WASHINGTON — Though President Obama last week said the spate of government programs helping banks was comparable to a "root canal," there can be little doubt that a key part of those efforts — the Federal Reserve Board's multiple liquidity facilities — was vital in staving off economic collapse.
As the central bank begins today to end several of those programs, including those that purchased commercial paper and gave money to big Wall Street firms, most observers agree the moves were both creative and effective.
"The Fed was very agile and was able to meet the needs of the markets very well," said Song Won Sohn, a lecturer in business and economics at California State University Channel Islands. "This is one of the responsibilities the Fed has, and they performed it perfectly."
By the time the financial crisis was in full swing, the Fed was running nearly a dozen facilities and lent billions to investment banks, corporations and commercial banks.
The programs, which were largely authorized by Section 13-3 of the Federal Reserve Act, crystallized for the world just how much power resides in the Fed. But the aggressive lending nearly derailed Chairman Ben Bernanke's bid for a second term running the central bank. And as the Fed begins its most significant pullback from financial markets to date, there are likely to be some long-term costs. When another crisis surfaces sometime in the future, even if it does not match the depth of the current turmoil, investors, banks and others will expect similar actions from the Fed, observers said. "We've created a huge moral-hazard issue from this crisis," said Kevin Jacques, who chairs the finance department at Baldwin-Wallace College. "The moral hazard is effectively never going away."
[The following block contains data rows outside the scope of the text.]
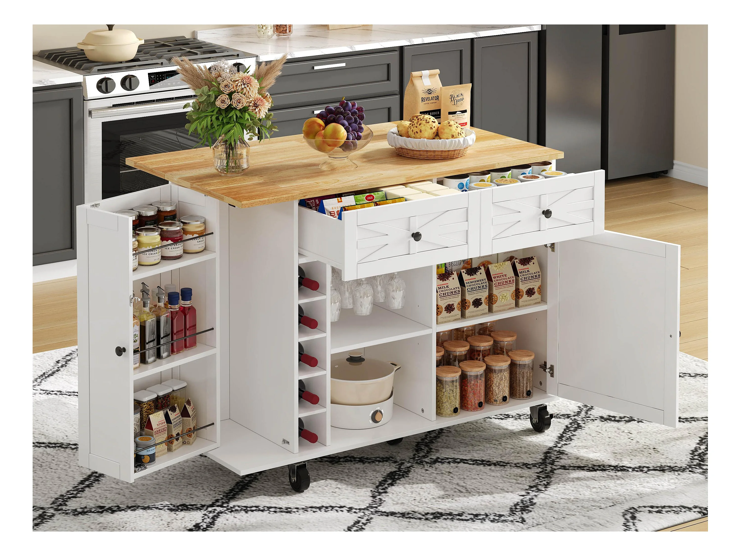 Mobiel keukeneiland - uitschuifbaar werkblad - met wijnrek en handdoekhouder - met 2 laden en 2 deuren - MDF - Wit
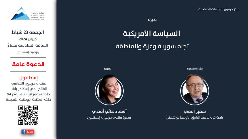 يعقد مركز حرمون للدراسات المعاصرة، يوم الجمعة 23 شباط/ فبراير 2024، الساعة السادسة مساءً، بتوقيت إسطنبول، ندوة حوارية بعنوان “السياسة الأميركية تجاه سورية وغزة والمنطقة“، يُشارك فيها سمير التقي، باحث في معهد الشرق الأوسط بواشنطن، وتديرها أسماء صائب أفندي، مديرة منتدى حرمون الثقافي. ستناقش الندوة سياسات الولايات المتحدة الأميركية تجاه المنطقة، كجزء من سياستها العالمية وصراعاتها الدولية، وتتناول بالتحليل السياسة…
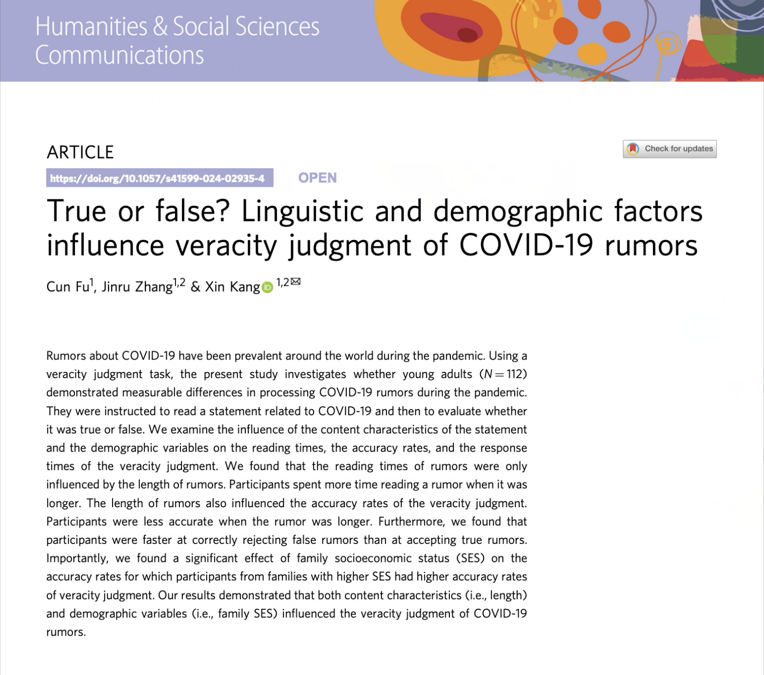 论文引用方式:Fu, C., Zhang, J., & Kang, X.* (2024). True or false? Linguistic and demographic factors influence veracity judgment of COVID-19 rumors. Humanities and Social Sciences Communications, 11(1), 1–7. //doi.org/10.1057/s41599-024-02935-4

The Fed did not comment for this story, but Mark Calabria, the director of financial regulation studies at the Cato Institute, said the central bank created a bad precedent by essentially usurping Congress and creating programs that amount to fiscal policy.
"This was an inappropriate use of the Fed's power," Calabria said. "These were all things that Congress could have and should have done."
It is difficult to pinpoint which programs were most successful. The Primary Dealer Credit Facility, which made loans through the discount window to investment banks, lent nearly $134 billion in the middle of October 2008 but has rested at zero for the past several months. The commercial paper facility, which helped companies roll over their short-term debt, topped out at $350 billion but rested at $8.6 billion on Wednesday.
Meanwhile, the Money Market Investor Funding Facility, a form of support for money market mutual funds, never attracted a dime of business and was allowed to expire last year.
"On aggregate, there's no question the programs were successful in moving us away from the brink of disaster," said Robin Lumsdaine, a professor at American University's Kogod School of Business and a former Fed official. "In retrospect, one might be tempted to look back and say, 'This one was more popular,' or 'This one had greater effect,' but that is the benefit of hindsight. At the times these programs were introduced, there were enormous and urgent liquidity challenges coming from all directions. It required a multipronged approach."
Though financial markets remain skittish, most observers said the Fed's pullback would not panic Wall Street, especially since many of the programs have fallen into disuse in recent months. In its first policy statement of the year, the Fed said Wednesday that it stands "prepared to modify these plans if necessary."
"It's appropriate that these programs are winding down," Lumsdaine said. "Many of them were initiated under 13-3 and hence were always intended to be temporary."
As of today, four programs are shutting down: the Asset-Backed Commercial Paper Money Market Mutual Fund Liquidity Facility, the Commercial Paper Funding Facility, the Primary Dealer Credit Facility and the Term Securities Loan Facility.
The Fed still has two major programs running. It plans to end its purchases of debt and mortgage-backed securities from the government-sponsored enterprises by the end of March. The Term Asset-Backed Securities Loan Facility will expire at the same time.